[英]Keep rows of a pandas dataframe based on both row and column conditions
Hello I have a pandas dataframe that I want to clean.Here is an example:您好,我有一个 pandas dataframe 想要清洁。
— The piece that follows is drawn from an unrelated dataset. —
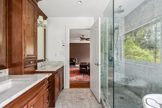 - Outdoor Areas: 1,200 sq/ft patio off the main with covered sitting area featuring built-in heaters, speakers, and access to an in-ground hot tub, fully fenced backyard

这是一个示例:
IDBILL![]() |
IDBUYER ![]() |
BILL![]() |
DATE![]() |
---|---|---|---|
001 ![]() |
768787 ![]() |
45 ![]() |
1897-07-24 ![]() |
001 ![]() |
768787 ![]() |
67 ![]() |
1897-07-24 ![]() |
001 ![]() |
768787 ![]() |
98 ![]() |
1897-07-24 ![]() |
002 ![]() |
768787 ![]() |
30 ![]() |
1897-07-24 ![]() |
002 ![]() |
768787 ![]() |
15 ![]() |
1897-07-24 ![]() |
002 ![]() |
768787 ![]() |
12 ![]() |
1897-07-24 ![]() |
005 ![]() |
786545 ![]() |
45 ![]() |
1897-08-19 ![]() |
008 ![]() |
657676 ![]() |
89 ![]() |
1989-09-23 ![]() |
009 ![]() |
657676 ![]() |
42 ![]() |
1989-09-23 ![]() |
010 ![]() |
657676 ![]() |
18 ![]() |
1989-09-23 ![]() |
012 ![]() |
657676 ![]() |
51 ![]() |
1990-03-10 ![]() |
016 ![]() |
892354 ![]() |
73 ![]() |
1990-03-10 ![]() |
018 ![]() |
892354 ![]() |
48 ![]() |
1765-02-14 ![]() |
020 ![]() |
892354 ![]() |
62 ![]() |
1765-02-14 ![]() |
I want to delete the highest bills(and keep the lowest when the bills are made on the same day, by the same IDBUYER, and whose bills IDs follow each other. To get this:我想删除最高的账单(并在同一天由同一个 IDBUYER 制作账单时保持最低,并且其账单 ID 彼此跟随。要得到这个:
IDBILL![]() |
IDBUYER ![]() |
BILL![]() |
DATE![]() |
---|---|---|---|
002 ![]() |
768787 ![]() |
30 ![]() |
1897-07-24 ![]() |
002 ![]() |
768787 ![]() |
15 ![]() |
1897-07-24 ![]() |
002 ![]() |
768787 ![]() |
12 ![]() |
1897-07-24 ![]() |
005 ![]() |
786545 ![]() |
45 ![]() |
1897-08-19 ![]() |
010 ![]() |
657676 ![]() |
18 ![]() |
1989-09-23 ![]() |
012 ![]() |
657676 ![]() |
51 ![]() |
1990-03-10 ![]() |
016 ![]() |
892354 ![]() |
73 ![]() |
1990-03-10 ![]() |
018 ![]() |
892354 ![]() |
48 ![]() |
1765-02-14 ![]() |
020 ![]() |
892354 ![]() |
62 ![]() |
1765-02-14 ![]() |
Thank you in advance先感谢您
One solution:一种解决方案:
df = df.sort_values('BILL')
df.loc[df.assign(cc = df.groupby(['DATE','IDBUYER',df.groupby(['DATE','IDBUYER'])['IDBILL'].transform(lambda x: x.diff().gt(1).cumsum())]).cumcount(),cc2 = df.groupby(['DATE','IDBUYER','IDBILL']).transform('count'),floor = lambda x: ~(x['cc'].floordiv(x['cc2'],axis=0).astype(bool)))['floor']].sort_index()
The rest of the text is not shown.